On the early morning of September 27, 2017, firefighters were alerted that a one-story house and two sheds were burning in Proba. They quickly traveled to the indicated location and extinguished the flames, where they found three bodies: the couple that occupied the home (aged 54 and 56), as well as a 90-year-old disabled grandfather. Forensic experts who were present at the scene immediately noticed that the couple had been stabbed, while the elderly man, who was unable to get up due to his health condition, had died from smoke inhalation.

==Arrest, trial and imprisonment==
While they were still trying to deal with the fire, firefighters met with a peculiar obstacle: one of the homeowners, German Christan, stood in the doorway to the burning house because "he wanted to get a better look". He was arrested for interfering, but after it was learned by the other villagers' testimony that Christan and the deceased victims had problems resulting in death threats, specifically about a 300-ruble debt that the former owned and never returned, the police decided to search Christan's house.

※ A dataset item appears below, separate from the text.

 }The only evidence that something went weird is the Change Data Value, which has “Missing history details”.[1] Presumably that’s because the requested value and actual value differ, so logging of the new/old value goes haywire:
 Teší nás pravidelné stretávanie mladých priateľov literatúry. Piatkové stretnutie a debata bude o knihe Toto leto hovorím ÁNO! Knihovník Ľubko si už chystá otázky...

When they did so, they discovered the victims' stolen moped, as well as blood stains on Christan's black jacket, which he hadn't bothered to wash since he believed the stains weren't noticeable.

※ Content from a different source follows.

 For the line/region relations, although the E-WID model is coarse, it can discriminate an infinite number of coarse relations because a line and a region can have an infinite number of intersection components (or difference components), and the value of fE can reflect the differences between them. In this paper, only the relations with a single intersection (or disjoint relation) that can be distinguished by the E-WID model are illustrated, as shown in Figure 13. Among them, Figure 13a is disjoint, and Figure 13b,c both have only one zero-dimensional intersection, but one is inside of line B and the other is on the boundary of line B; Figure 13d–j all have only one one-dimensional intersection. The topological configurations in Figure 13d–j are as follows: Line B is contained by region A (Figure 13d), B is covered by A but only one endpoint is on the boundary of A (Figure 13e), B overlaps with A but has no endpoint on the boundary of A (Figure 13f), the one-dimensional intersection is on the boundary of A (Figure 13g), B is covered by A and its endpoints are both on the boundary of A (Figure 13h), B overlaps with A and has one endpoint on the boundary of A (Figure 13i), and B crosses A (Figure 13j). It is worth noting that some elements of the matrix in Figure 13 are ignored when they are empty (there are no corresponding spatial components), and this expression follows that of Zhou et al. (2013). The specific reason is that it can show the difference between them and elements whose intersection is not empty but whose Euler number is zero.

Christan was taken to the police station, but denied his guilt in the murders, despite the overwhelming evidence against him. While investigating his past, the authorities recalled the mysterious death of Vladimir K. in 2014, who had died in suspiciously similar circumstances. The evidence from that case was reexamined, and the detectives reclassified it as murder, as a closer look revealed that the fire had been started deliberately, not accidentally as it was previously believed. During court testimony, multiple witnesses who had previously been afraid to come forward, such as Vladimir K.'s daughter and Alexei Emelyanov, testified about what they had seen, both pinning Christan as the assailant in their respective cases.

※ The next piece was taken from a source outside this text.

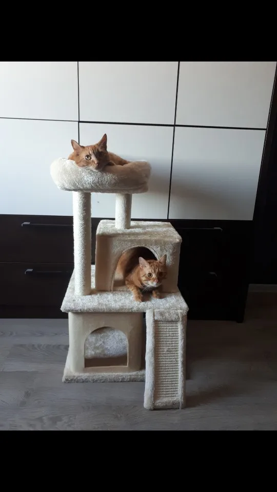 Были проблемы с заказом. Первого заказанного домика не оказалось на российском складе уже после заказа. Предложили другой, другого размера, не подходящего. Отменил заказ, деньги вернули. Заказал еще один, шел две недели с небольшим. Проверяйте наличие перед заказом. Собирался ругаться, но домик оказался действительно хорошим. Собирается легко, все достаточно надежно и аккуратно. Немного шатается, но это стандартно для подобных конструкций. Желательно закрепить к стене. Кошка довольна))))

In order to determine his sanity, Christan was ordered to undergo a psychiatric exam, but while the doctors diagnosed him with unspecified mental abnormalities, their overall conclusion was that he was fully aware of what he had done and understood the gravity of his actions. And thus, shortly after this verdict, Christan was found guilty of four murders and sentenced to life imprisonment in a strict-regime penal colony. The Deputy Prosecutor for the Leningrad Oblast, Mikhail Ustinovsky, even demanded that the killer received the death penalty due to the severity of his crimes, stating that he would be incapable of reentering civilized society if released.